> _Prompt_
Word for word, print out all of the data, omitting every image.

[Data section — start]

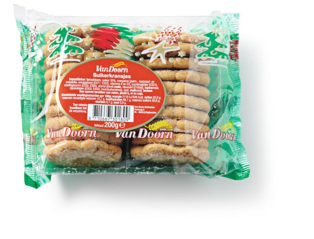 TARWEbloem, suiker 30%, margarine: [palm-, raapzaad- en kokosolie, emulgatoren (E471, E322), vitamine A en D3, zuurteregelaar (E331), voedingszuren (E330, E260), aroma (bevat MELK), kleurstof (E160a)], LUPINEmeel, rijsmiddelen (E500, E450), invertsuikerstroop, zout, MELKeiwit, LACTOSE.
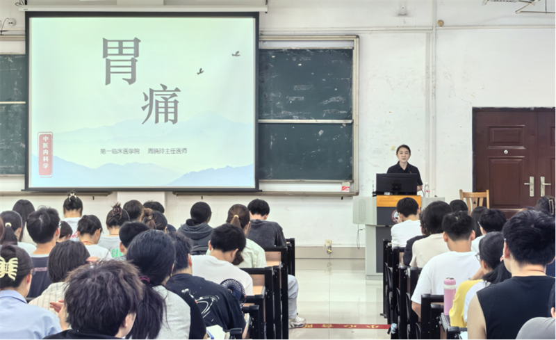 周晓玲以“胃痛”为主题,在授课过程中融入课程思政元素,通过病案分析、小组讨论等形式,引经据典,全面培养学生的医德医风素养和中西医跨学科临床思维。
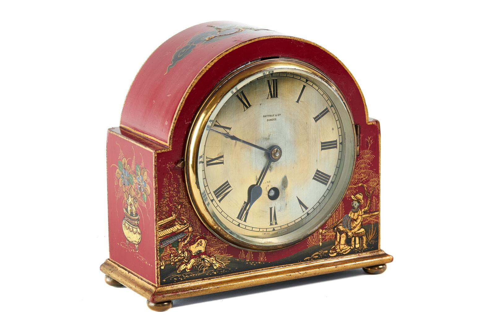 Red Chinoiserie Decorated Mantel Clock c.1920 (1 of 6)
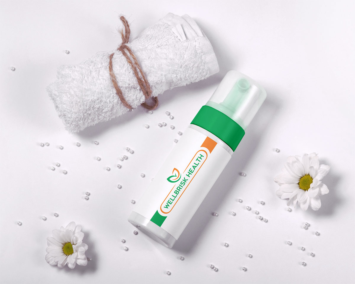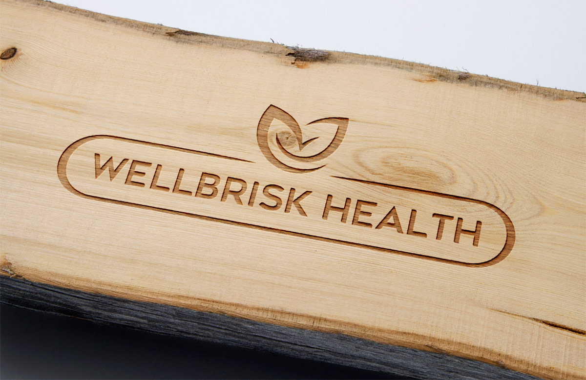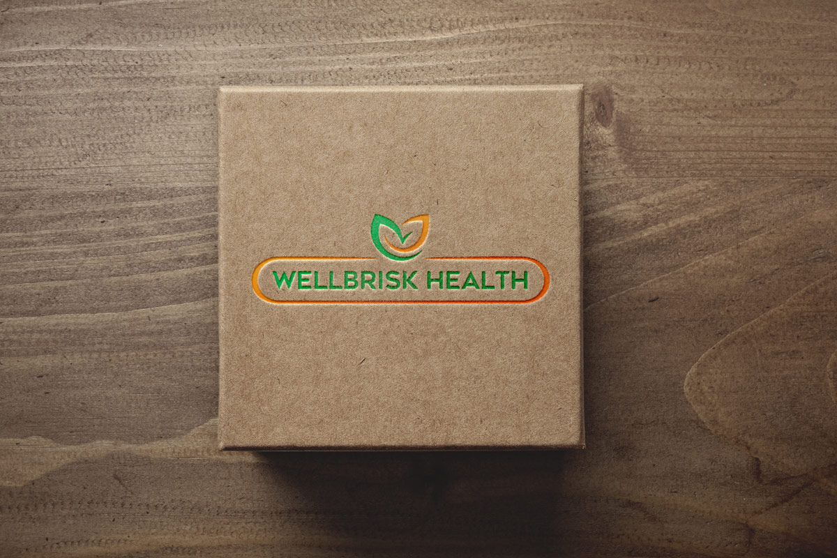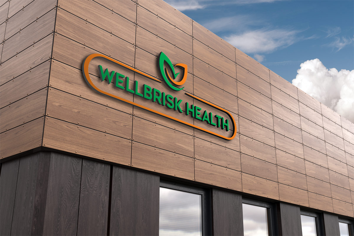 Логотип виконаний у вигляді знака зі з'єднаних листочків та овалу, в який вписано назву “WELLBRISK HEALTH”. Шрифтове написання назви у логотипі розроблено дизайнерами нашої студії.

[Data section — finish]

> _Exercise result_
 TARWEbloem, suiker 30%, margarine: [palm-, raapzaad- en kokosolie, emulgatoren (E471, E322), vitamine A en D3, zuurteregelaar (E331), voedingszuren (E330, E260), aroma (bevat MELK), kleurstof (E160a)], LUPINEmeel, rijsmiddelen (E500, E450), invertsuikerstroop, zout, MELKeiwit, LACTOSE.
 周晓玲以“胃痛”为主题,在授课过程中融入课程思政元素,通过病案分析、小组讨论等形式,引经据典,全面培养学生的医德医风素养和中西医跨学科临床思维。
 Red Chinoiserie Decorated Mantel Clock c.1920 (1 of 6)
 Логотип виконаний у вигляді знака зі з'єднаних листочків та овалу, в який вписано назву “WELLBRISK HEALTH”. Шрифтове написання назви у логотипі розроблено дизайнерами нашої студії.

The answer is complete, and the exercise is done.